= What you are asked to do =
Exact copy, no pictures: take the lines of the listing below from the first through the one containing "Diga adeus ao".

Segment Open

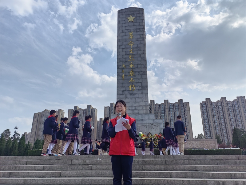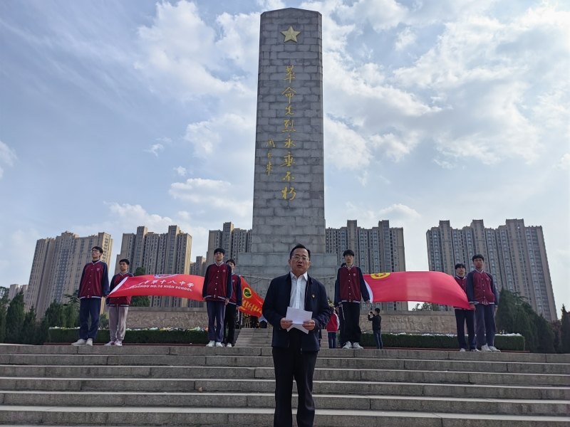 在嘹亮的國歌聲中,紀念烈士儀(yi) 式正式開始,全體(ti) 師生默哀一分鍾,國旗班代表敬獻花籃,表達對英烈的哀思。隨後,校黨(dang) 委書(shu) 記魏勇帶領全體(ti) 黨(dang) 員教師重溫入黨(dang) 誓詞。黨(dang) 員代表張嘉蕾說:“今天在莊嚴(yan) 的烈士紀念碑下,我們(men) 要牢記我們(men) 的使命和擔當,以習(xi) 近平新時代中國特色社會(hui) 主義(yi) 思想為(wei) 指導,認真學習(xi) 貫徹黨(dang) 的二十大精神,作為(wei) 黨(dang) 員幹部就是要勇擔重任,使我校教育教學工作更上一個(ge) 台階;作為(wei) 一名18中人,踏踏實實地為(wei) 自己積極而幸福的人生作準備,勇敢地為(wei) 將來服務和奉獻社會(hui) 蓄積力量,就是我們(men) 無悔的選擇。”隨後,團員代表進行詩歌朗誦,緬懷先烈,表達哀思。全體(ti) 團員重溫入團誓詞,勵誌爭(zheng) 做新時代好少年。
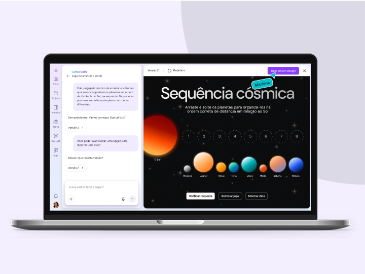 Diga adeus ao conteúdo estático! Gere widgets e elementos interativos para seus designs ou sites em instantes, sem precisar saber nada de programação. É só digitar o que você precisa, de minijogos a calculadoras de preços, e o Canva Code cria tudo para você.
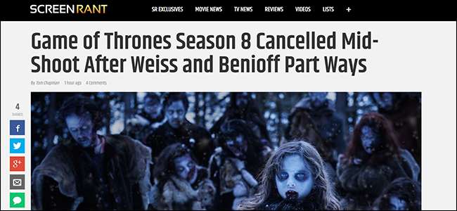 Почніть з роздумів про те, що ви хочете сказати про фальшивий заголовок. Я вирішив створити такий, який стверджує, що наступний сезон "Ігри престолів" скасовано в середині зйомок, оскільки творці випали. Коли ви визначитеся зі своїм кутом зору, вам потрібно продумати веб-сайт, який би став надійним джерелом новин.
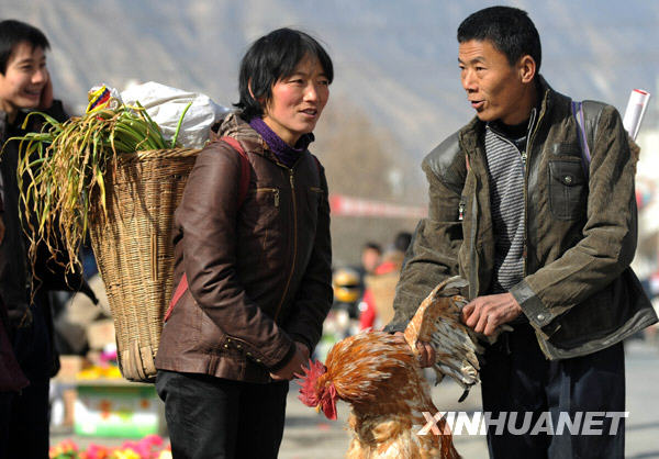 当日是甘肃省陇南市武都区两水镇春节前的最后一个集市,附近灾区群众纷纷前来逛大集、购年货,准备红红火火过大年。新华社记者金良快摄
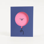This greeting card is a playful way to send your well wishes. Designed in collaboration between Rumble Cards and Ashley Le Quere, it features a cheerful pink balloon on a soothing blue background, radiating happiness.

Segment Closed

= Your response =
 在嘹亮的國歌聲中,紀念烈士儀(yi) 式正式開始,全體(ti) 師生默哀一分鍾,國旗班代表敬獻花籃,表達對英烈的哀思。隨後,校黨(dang) 委書(shu) 記魏勇帶領全體(ti) 黨(dang) 員教師重溫入黨(dang) 誓詞。黨(dang) 員代表張嘉蕾說:“今天在莊嚴(yan) 的烈士紀念碑下,我們(men) 要牢記我們(men) 的使命和擔當,以習(xi) 近平新時代中國特色社會(hui) 主義(yi) 思想為(wei) 指導,認真學習(xi) 貫徹黨(dang) 的二十大精神,作為(wei) 黨(dang) 員幹部就是要勇擔重任,使我校教育教學工作更上一個(ge) 台階;作為(wei) 一名18中人,踏踏實實地為(wei) 自己積極而幸福的人生作準備,勇敢地為(wei) 將來服務和奉獻社會(hui) 蓄積力量,就是我們(men) 無悔的選擇。”隨後,團員代表進行詩歌朗誦,緬懷先烈,表達哀思。全體(ti) 團員重溫入團誓詞,勵誌爭(zheng) 做新時代好少年。
 Diga adeus ao conteúdo estático! Gere widgets e elementos interativos para seus designs ou sites em instantes, sem precisar saber nada de programação. É só digitar o que você precisa, de minijogos a calculadoras de preços, e o Canva Code cria tudo para você.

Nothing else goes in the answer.